For long type names the following formatting is also acceptable:

data HttpException
    = InvalidStatusCode Int
    | MissingContentHeader

Format records as follows:

data Person = Person
    { firstName :: !String  -- ^ First name
    , lastName  :: !String  -- ^ Last name
    , age       :: !Int     -- ^ Age
    } deriving (Eq, Show)

If you have record with multiple constructors (which is generally bad idea because you getters become partial functions but okay if you use -XRecordWildCards) then align curly braces with shift to the constructor name but } should go in the end of last field.

data Address
    = PubKeyAddress
        { addrKeyHash :: !(AddressHash PublicKey) }
    | ScriptAddress
        { addrScriptHash   :: !(AddressHash Script)
        , addrDistribution :: ![(AddressHash PublicKey, Coin)] }
    deriving (Show, Eq)

If there is only one field for every constructor more compact style is allowed.

data Address
    = PubKeyAddress { addrKeyHash    :: !(AddressHash PublicKey) }
    | ScriptAddress { addrScriptHash :: !(AddressHash Script)    }
    deriving (Show, Eq)

Type classes in deriving section should be always surrounded by parentheses. Space between names is optional.

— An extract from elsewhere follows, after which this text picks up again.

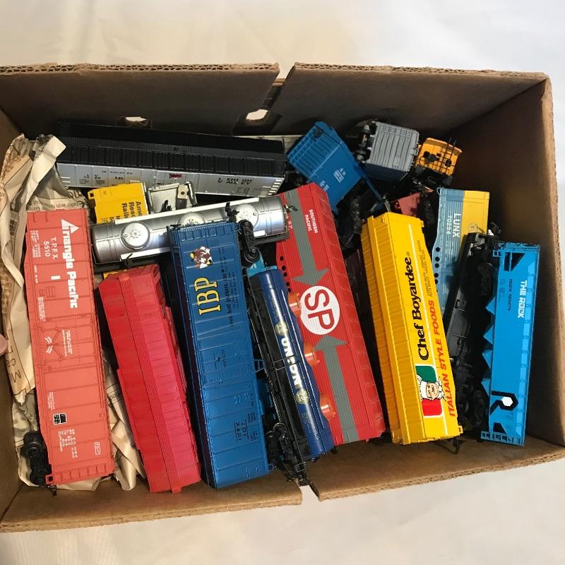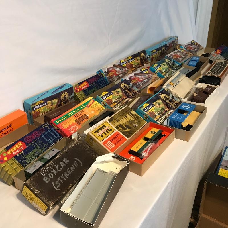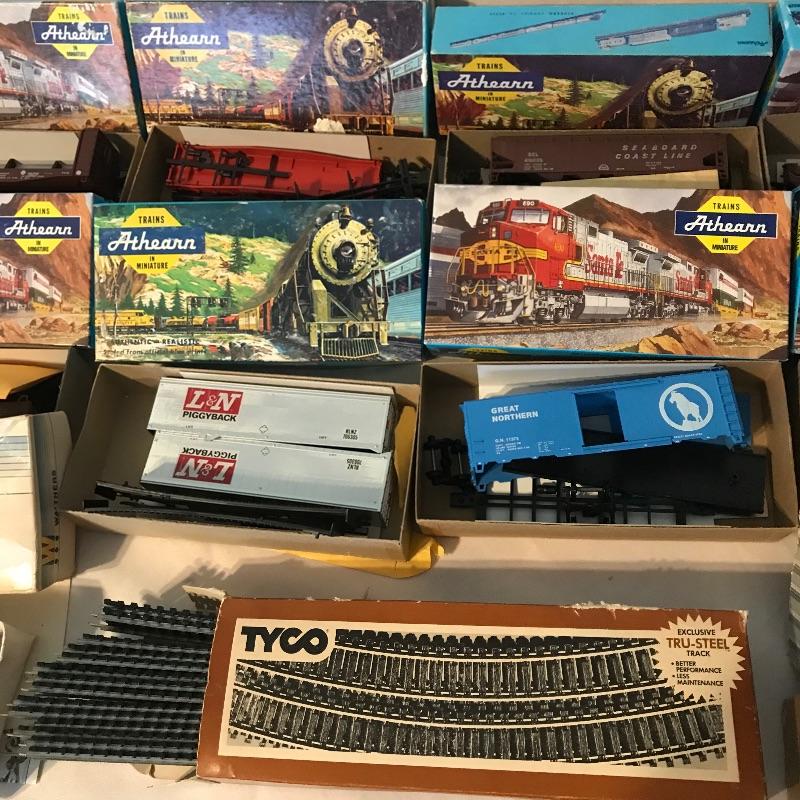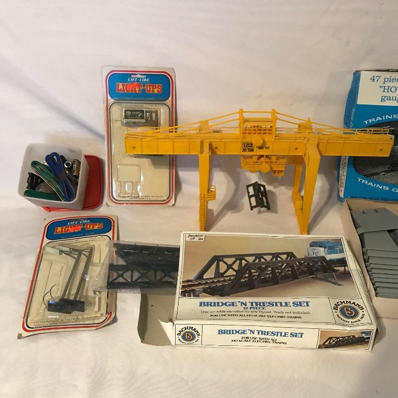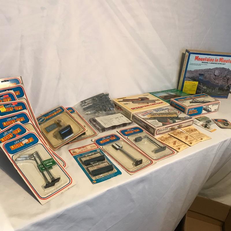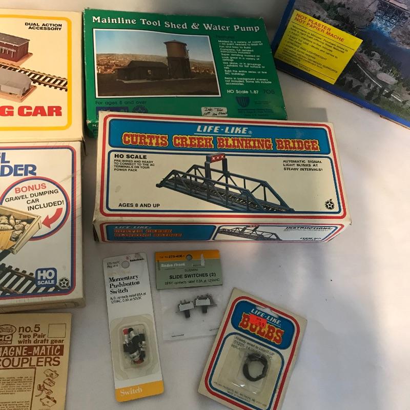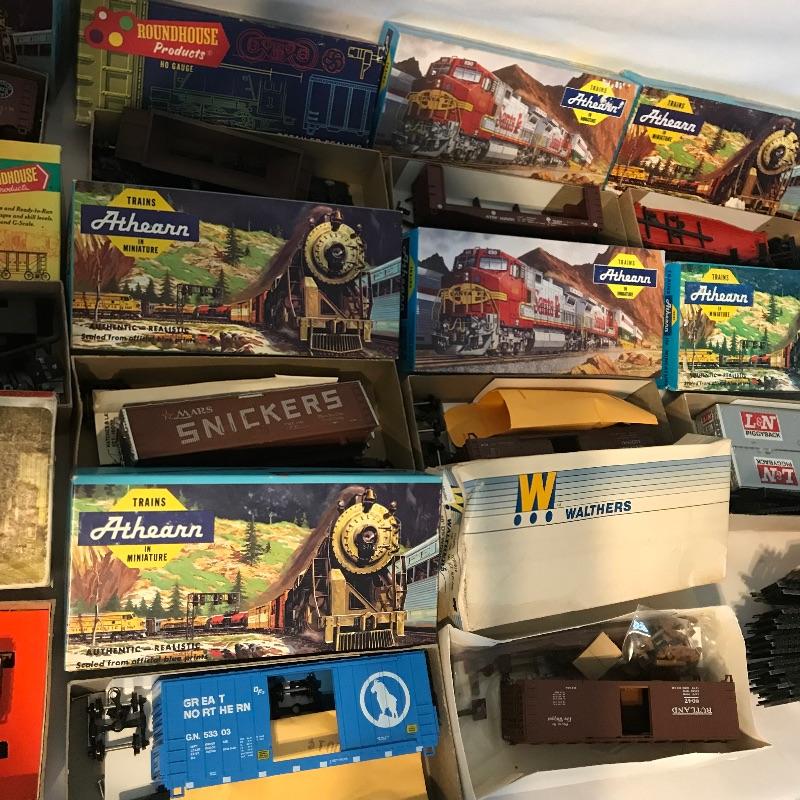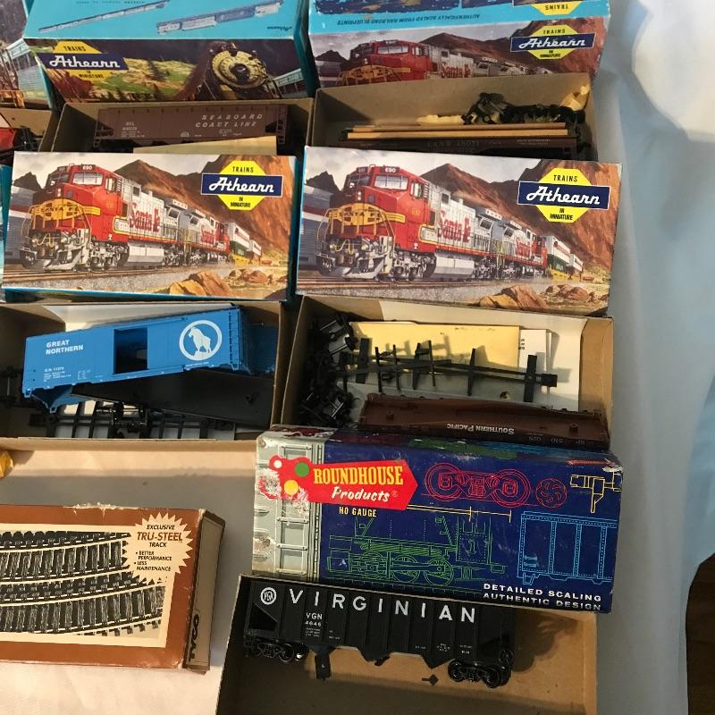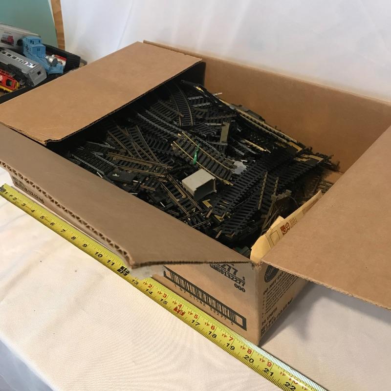 This is an amazing lot to begin your train career! It’s got it all! Over 130 HO trains, tons of track, buildings, a station measuring roughly 30” x 15”. Lots of items still in packing, some have been opened and inventory is unconfirmed. Eight cab controls with model numbers shown in images and tons of accessories and small parts to fix the broken pieces. Most of the 130+ trains rolled well, we did not test cab controls. Lot also features a lot of models to build yourself and keep you busy for a long time. This lot is roughly 11 boxes, keep space in your vehicle in mind when picking up. Lot features various brands including Tyco, Bachmann, Life Line, Cox and more. Some trains only have place of origin and no brand name is known. Local pick up only.

WARNING: try to avoid aggressive autoderiving. Deriving instances can slowdown compilation (stated here: http://www.stephendiehl.com/posts/production.html)

Deriving instances of Read/Show/Data/Generic for largely recursive ADTs can sometimes lead to quadratic memory behavior when the nesting gets deep.

If you're using GHC-8.2.2 or higher you should use -XDerivingStrategies extension and specify the way you derive explicitly. Like this (see this question for example):

{-# LANGUAGE GeneralizedNewtypeDeriving #-}
{-# LANGUAGE DerivingStrategies         #-}

newtype SpecialId = SpecialId Int
    deriving stock    (Eq, Ord, Show, Generic)
    deriving newtype  Read
    deriving anyclass (FromJSON, ToJSON)

Function declaration

All top-level functions must have type signatures.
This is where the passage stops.